When asked how the design industry has changed over his career, he is frank: ‘It will be interesting to see what happens to design consultancy in the future, given the demise of product design – products are devalued, they have become disposable … When I started off, we would have people phoning up and saying, “Could you design a washing machine for us please?” Now retailers travel to a place in the Far East, look at all the designs, and say, “I’ll have a bit of that one, and a bit of this”, and it will cost them nothing.’
With firms such as Apple and Samsung keeping design firmly in-house, he’s been lucky, and prescient, to end up in transport – and he still loves it, even if progress can be ‘ridiculously slow’. His frustration that, two years on, the firm’s high-density Horizon seating for trains, funded by the Department for Transport, has yet to reach production is palpable: ‘Everybody loves it, everybody wants it, we just need one car on a train somewhere to try it.’
Render of the New Tube for London, designed for Transport for London in 2014
I ask him if he misses the immediacy of his early years in product design. ‘Designing for the Italian furniture industry, that whole glamour: they don’t pay. It’s royalty-based and you’d be very lucky if you make any money. I never wanted to be a furniture maker with a few helpers – the design of expensive objects, it never really grabbed me. I much prefer the problem-solving, the innovating, and also the sheer volume of people who experience what we’re doing every day.’ Even so, he still has a workshop at home where he tinkers at weekends – he’s currently working on a commission for some speakers: ‘The nice thing about product design, it’s about the right size to spin around in your head. Trains are a bit more difficult.’

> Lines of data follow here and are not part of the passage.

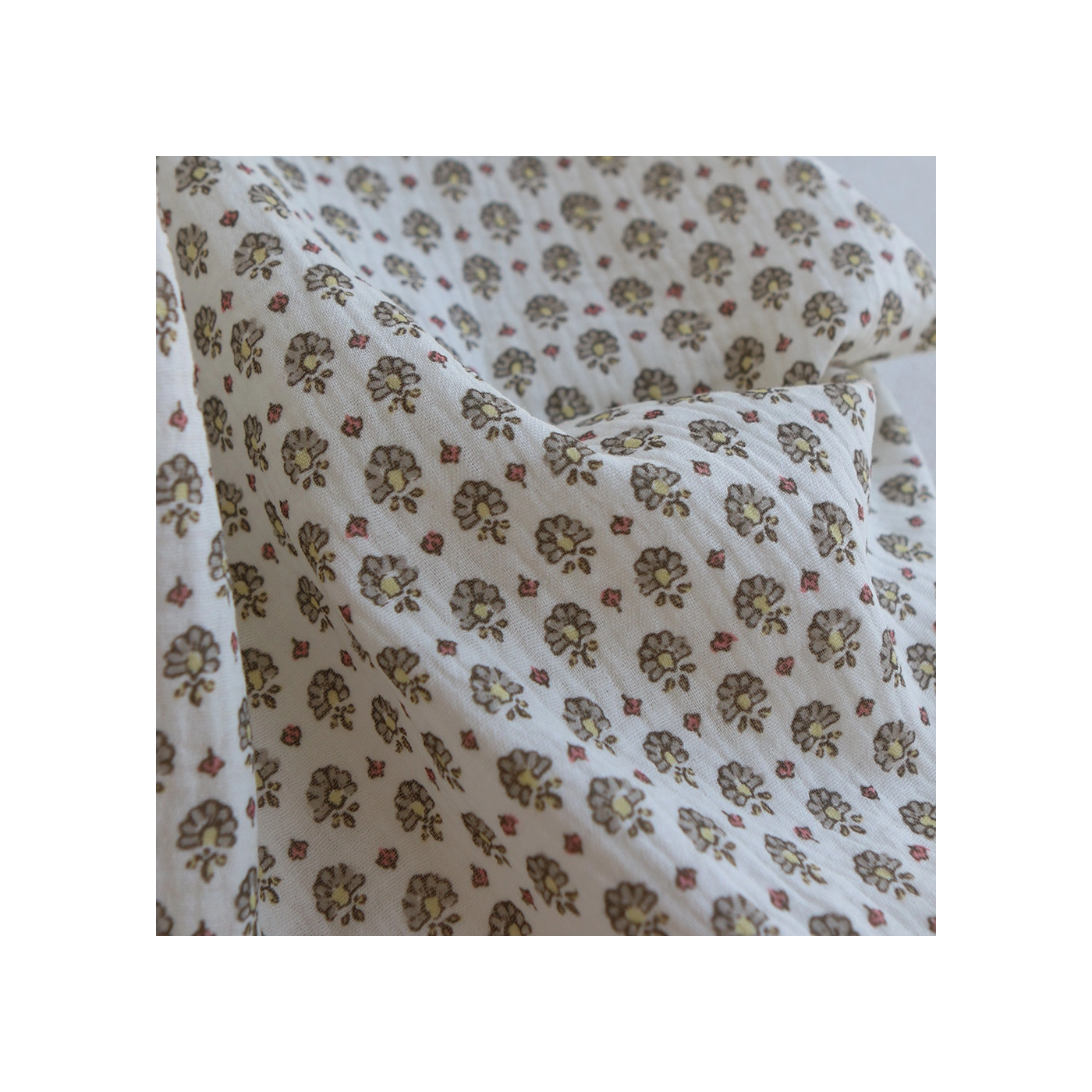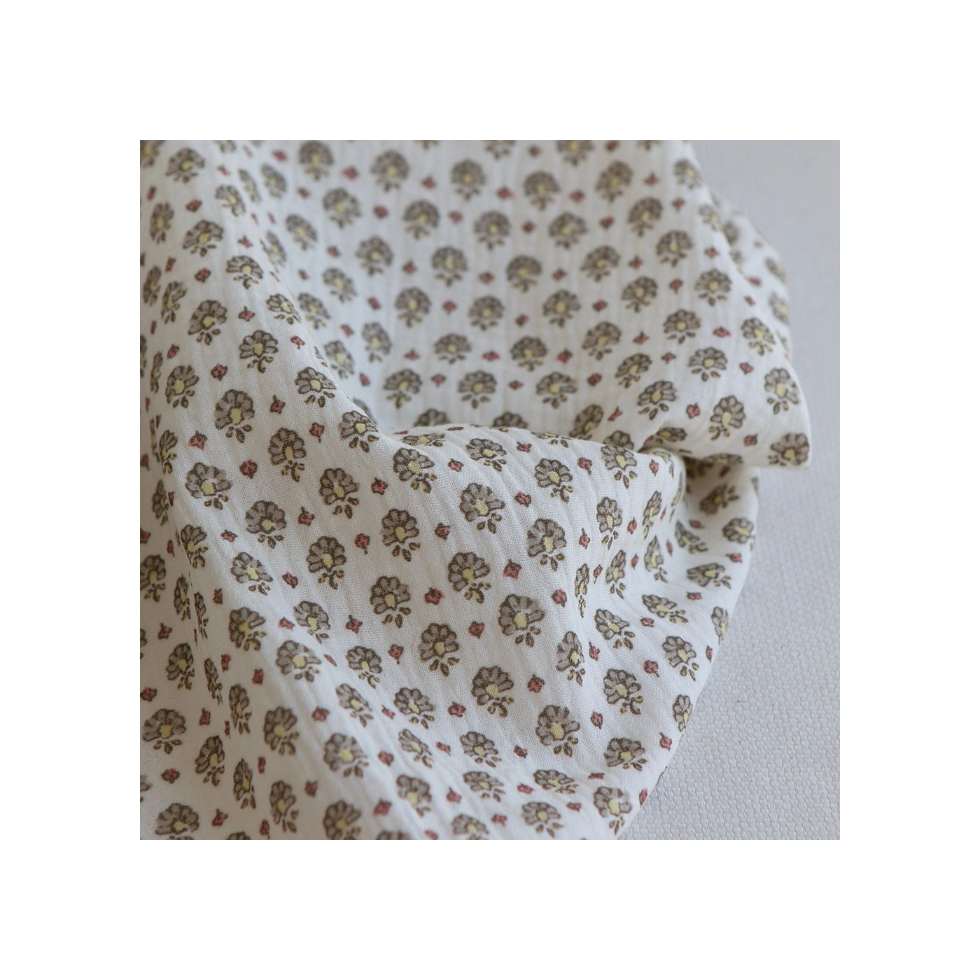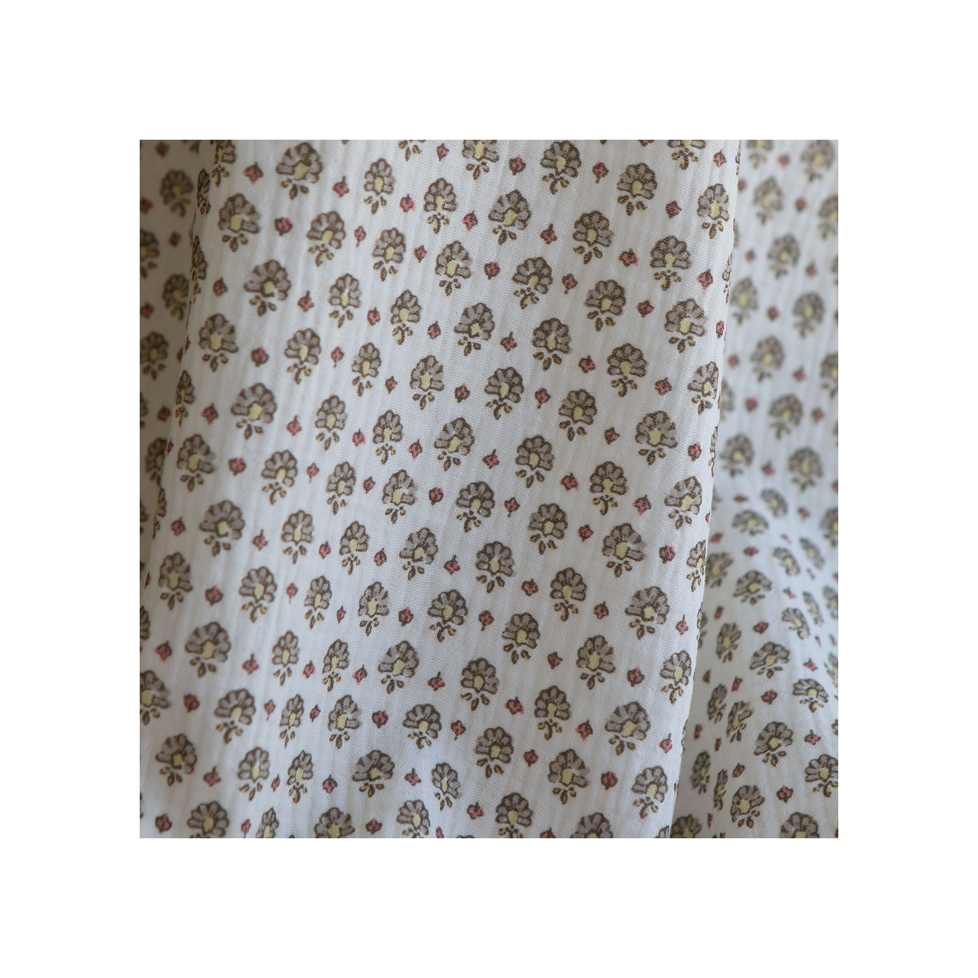 Leela - Double gaze de coton motif fleuri fond blanc cassé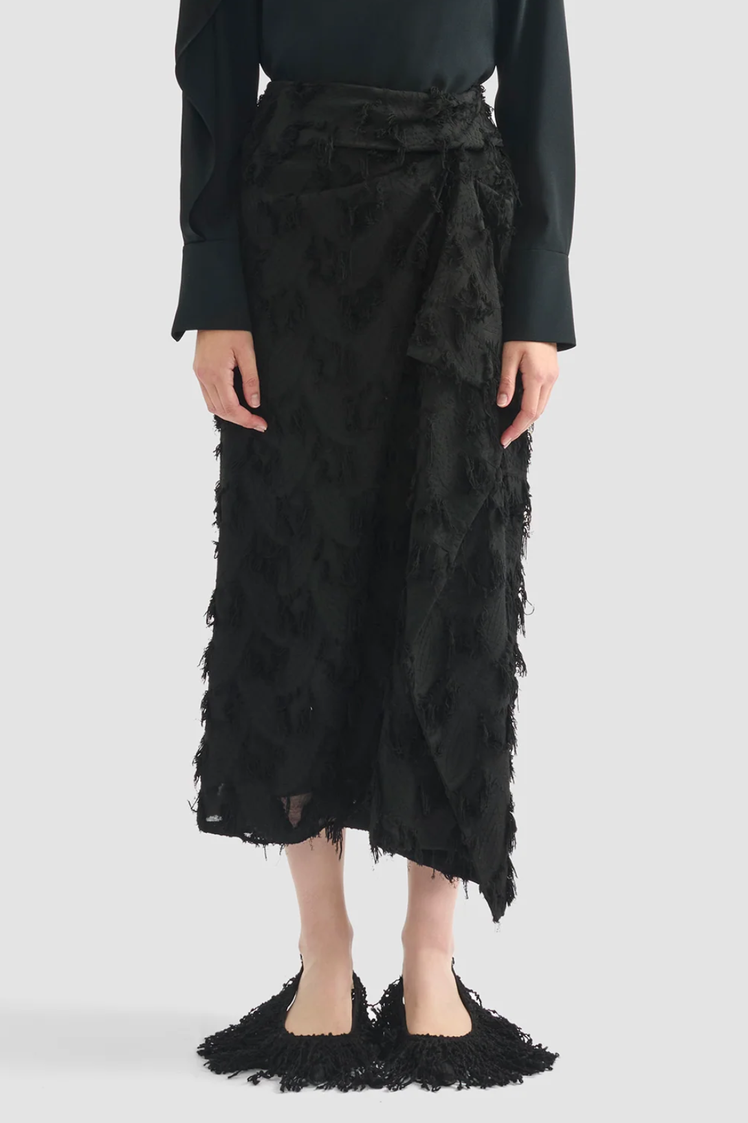 Fil Coupé Jacquard Draped Midi Skirt | Black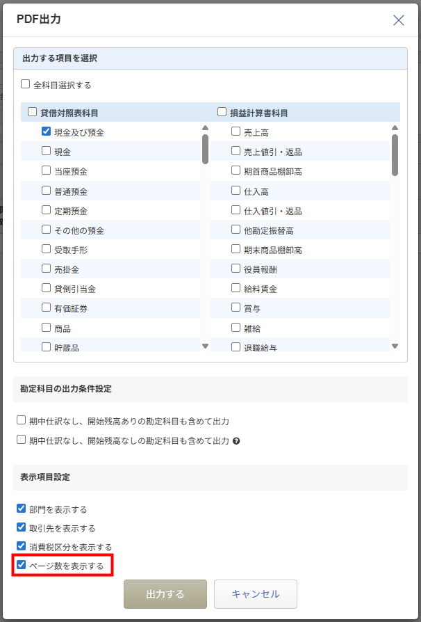 「現預金出納帳」「総勘定元帳」「補助元帳」の「PDF出力」画面に「ページ数を表示する」のチェックボックスを追加しました。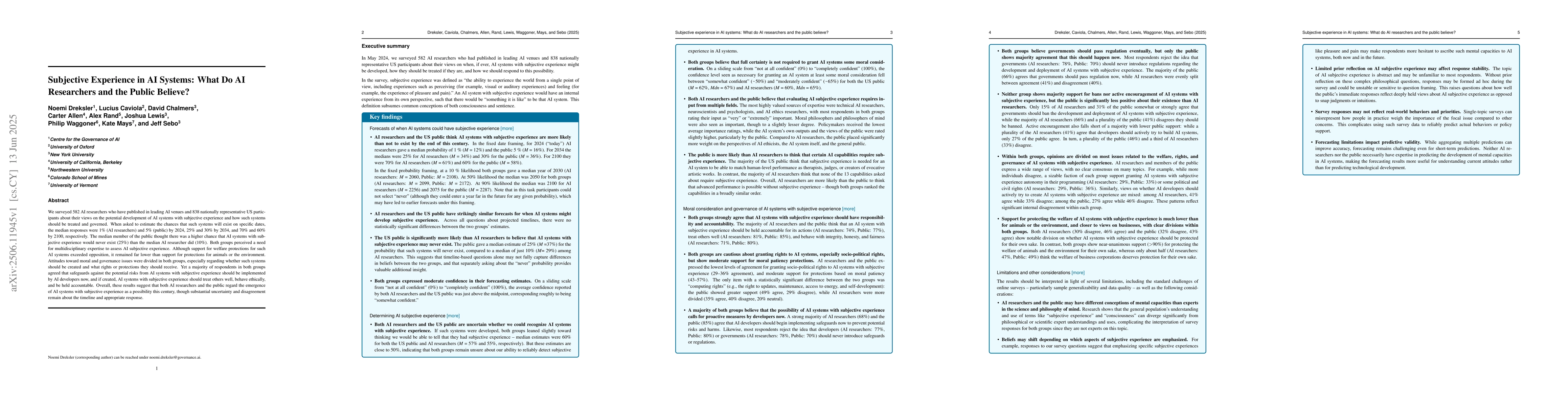 We surveyed 582 AI researchers who have published in leading AI venues and 838 nationally representative US participants about their views on the potential development of AI systems with subjective experience and how such systems should be treated and governed. When asked to estimate the chances that such systems will exist on specific dates, the median responses were 1% (AI researchers) and 5% (public) by 2024, 25% and 30% by 2034, and 70% and 60% by 2100, respectively. The median member of the public thought there was a higher chance that AI systems with subjective experience would never exist (25%) than the median AI researcher did (10%). Both groups perceived a need for multidisciplinary expertise to assess AI subjective experience. Although support for welfare protections for such AI systems exceeded opposition, it remained far lower than support for protections for animals or the environment. Attitudes toward moral and governance issues were divided in both groups, especially regarding whether such systems should be created and what rights or protections they should receive. Yet a majority of respondents in both groups agreed that safeguards against the potential risks from AI systems with subjective experience should be implemented by AI developers now, and if created, AI systems with subjective experience should treat others well, behave ethically, and be held accountable. Overall, these results suggest that both AI researchers and the public regard the emergence of AI systems with subjective experience as a possibility this century, though substantial uncertainty and disagreement remain about the timeline and appropriate response.

Despite speaking out repeatedly against Brexit, he is quietly confident about PriestmanGoode’s future prospects. They’ve just had their best year ever, and became an employee-owned company in April last year. This decision, Priestman says, ‘just makes me feel good. And anyway, if someone had bought us, and I’d had a finance director plonked next to me, I wouldn’t have lasted five minutes.’ As to that irritation I hoped to elicit, no luck. I’m reduced to asking him what makes him lose his rag: ‘I’m very protective of my designers, I don’t like being messed around, or people taking advantage of us.’ Yes, he really is that much of a gentleman. Before leaving, he takes me out to admire the glazed bricks of the office’s restored Victorian light well, which reaches six storeys up to the bright September sky above. His pleasure in the space – its concept and workmanship – is touching. ‘It’s fantastic, these glazed bricks are lovely. They were clever, weren’t they? It’s just reflective to get the light down.’ It’s a simple space and a simple idea, but it’s beautiful. For Priestman, this is design.